Re: BUG #18267: Logical replication bug: data is not synchronized after Alter Publication. - Mailing list pgsql-bugs

From Dilip Kumar
Subject Re: BUG #18267: Logical replication bug: data is not synchronized after Alter Publication.
Date
Msg-id CAFiTN-vsdWgthGJFOG74E94LAi5E5DmP0Ag616V62hftHq6Ldw@mail.gmail.com
Whole thread Raw
In response to RE: BUG #18267: Logical replication bug: data is not synchronized after Alter Publication.  ("Hayato Kuroda (Fujitsu)" <kuroda.hayato@fujitsu.com>)
Responses RE: BUG #18267: Logical replication bug: data is not synchronized after Alter Publication.  ("Hayato Kuroda (Fujitsu)" <kuroda.hayato@fujitsu.com>)
List pgsql-bugs
On Fri, Jan 5, 2024 at 9:25 AM Hayato Kuroda (Fujitsu)
<kuroda.hayato@fujitsu.com> wrote:
>
> Dear Song,
>
> >
> > Hi hackers, I found when insert plenty of data into a table, and add the
> > table to publication (through Alter Publication) meanwhile, it's likely that
> > the incremental data cannot be synchronized to the subscriber. Here is my
> > test method:
>
> Good catch.
>
> > 1. On publisher and subscriber, create table for test:
> > CREATE TABLE tab_1 (a int);
> >
> > 2. Setup logical replication:
> > on publisher:
> >      SELECT pg_create_logical_replication_slot('slot1', 'pgoutput', false,
> > false);
> >                        CREATE PUBLICATION tap_pub;
> > on subscriber:
> >      CREATE SUBSCRIPTION tap_sub CONNECTION '$publisher_connstr'
> > PUBLICATION
> > tap_pub WITH (enabled = true, create_slot = false, slot_name='slot1')
> >
> > 3. Perform Insert:
> >      for (my $i = 1; $i <= 1000; $i++) {
> >          $node_publisher->safe_psql('postgres', "INSERT INTO tab_1 SELECT
> > generate_series(1, 1000)");
> >      }
> >      Each transaction contains 1000 insertion, and 1000 transactions are in
> > total.
> >
> > 4. When performing step 3, add table tab_1  to publication.
> >      ALTER PUBLICATION tap_pub ADD TABLE tab_1
> >      ALTER SUBSCRIPTION tap_sub REFRESH PUBLICATION
>
> I could reproduce the failure.
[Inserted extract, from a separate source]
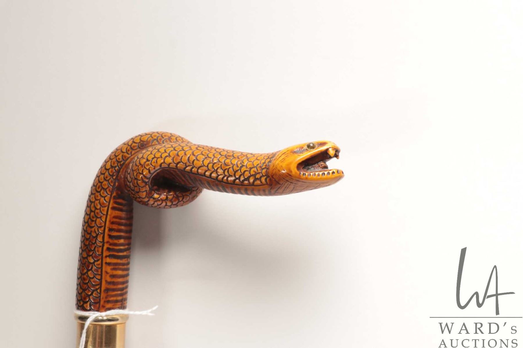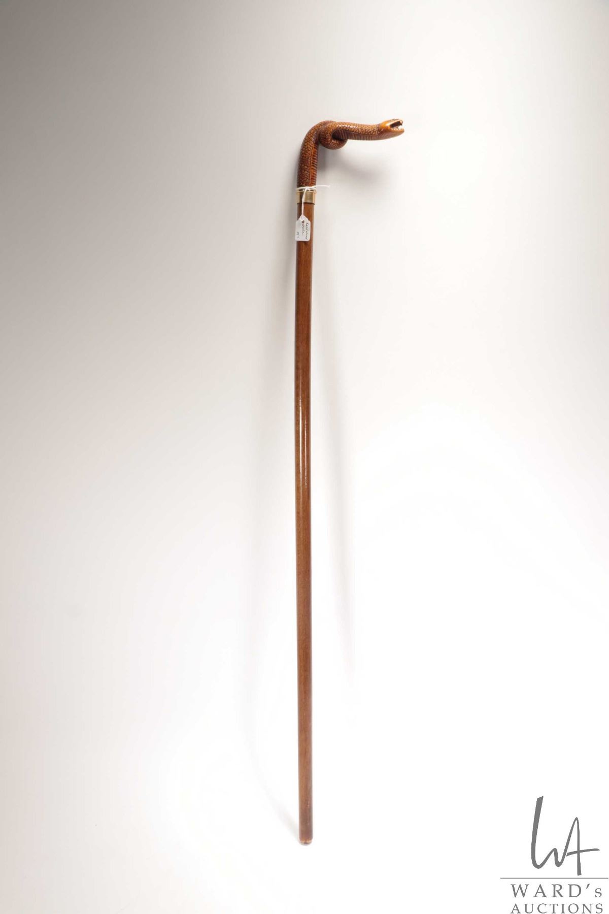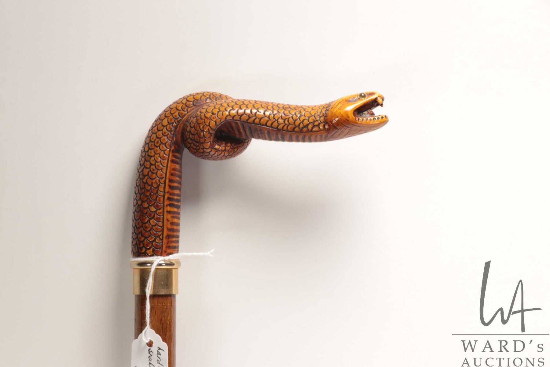 Hardwood walking stick with carved snake handle and brass collar, 35" in height

PSA the script.
>
> In the script, ALTER PUBLICATION was executed while doing the initial data sync.
> (The workload is almost same as what you reporter posted, but number of rows are reduced)
>
> In total, 4000 tuples are inserted on publisher. However, after sometime, only 2500 tuples are replicated.
>
> ```
> publisher=# SELECT count(*) FROM tab_1 ;
>  count
> -------
>  40000
> (1 row)
>
> subscriber=# SELECT count(*) FROM tab_1 ;
>  count
> -------
>  25000
> (1 row)
> ```
>
> Is it same failure you saw?

With your attached script I was able to see this gap, I didn't dig
deeper but with the initial investigation, I could see that even after
ALTER PUBLICATION, the pgoutput_change continues to see
'relentry->pubactions.pubinsert' as false, even after re fetching the
relation entry after the invalidation.  That shows the invalidation
framework might be working fine but we are using the older snapshot to
fetch the entry.  I did not debug it further why it is not getting the
updated snapshot which can see the change in publication, because I
assume Yutao Song as already analyzed that as per his first email, so
I would wait for his patch.

> > The root cause of the problem is as follows:
> > pgoutput relies on the invalidation mechanism to validate publications. When
> > walsender decoding an Alter Publication transaction, catalog caches are
> > invalidated at once. Furthermore, since pg_publication_rel is modified,
> > snapshot changes are added to all transactions currently being decoded. For
> > other transactions, catalog caches have been invalidated. However, it is
> > likely that the snapshot changes have not yet been decoded. In pgoutput
> > implementation, these transactions query the system table pg_publication_rel
> > to determine whether to publish changes made in transactions. In this case,
> > catalog tuples are not found because snapshot has not been updated. As a
> > result, changes in transactions are considered not to be published, and
> > subsequent data cannot be synchronized.
> >
> > I think it's necessary to add invalidations to other transactions after
> > adding a snapshot change to them.
> > Therefore, I submitted a patch for this bug.
>
> I cannot see your attaching, but I found that proposed patch in [1] can solve
> the issue. After applying 0001 + 0002 + 0003 (open relations as ShareRowExclusiveLock,
> in OpenTableList), the data gap was removed. Thought?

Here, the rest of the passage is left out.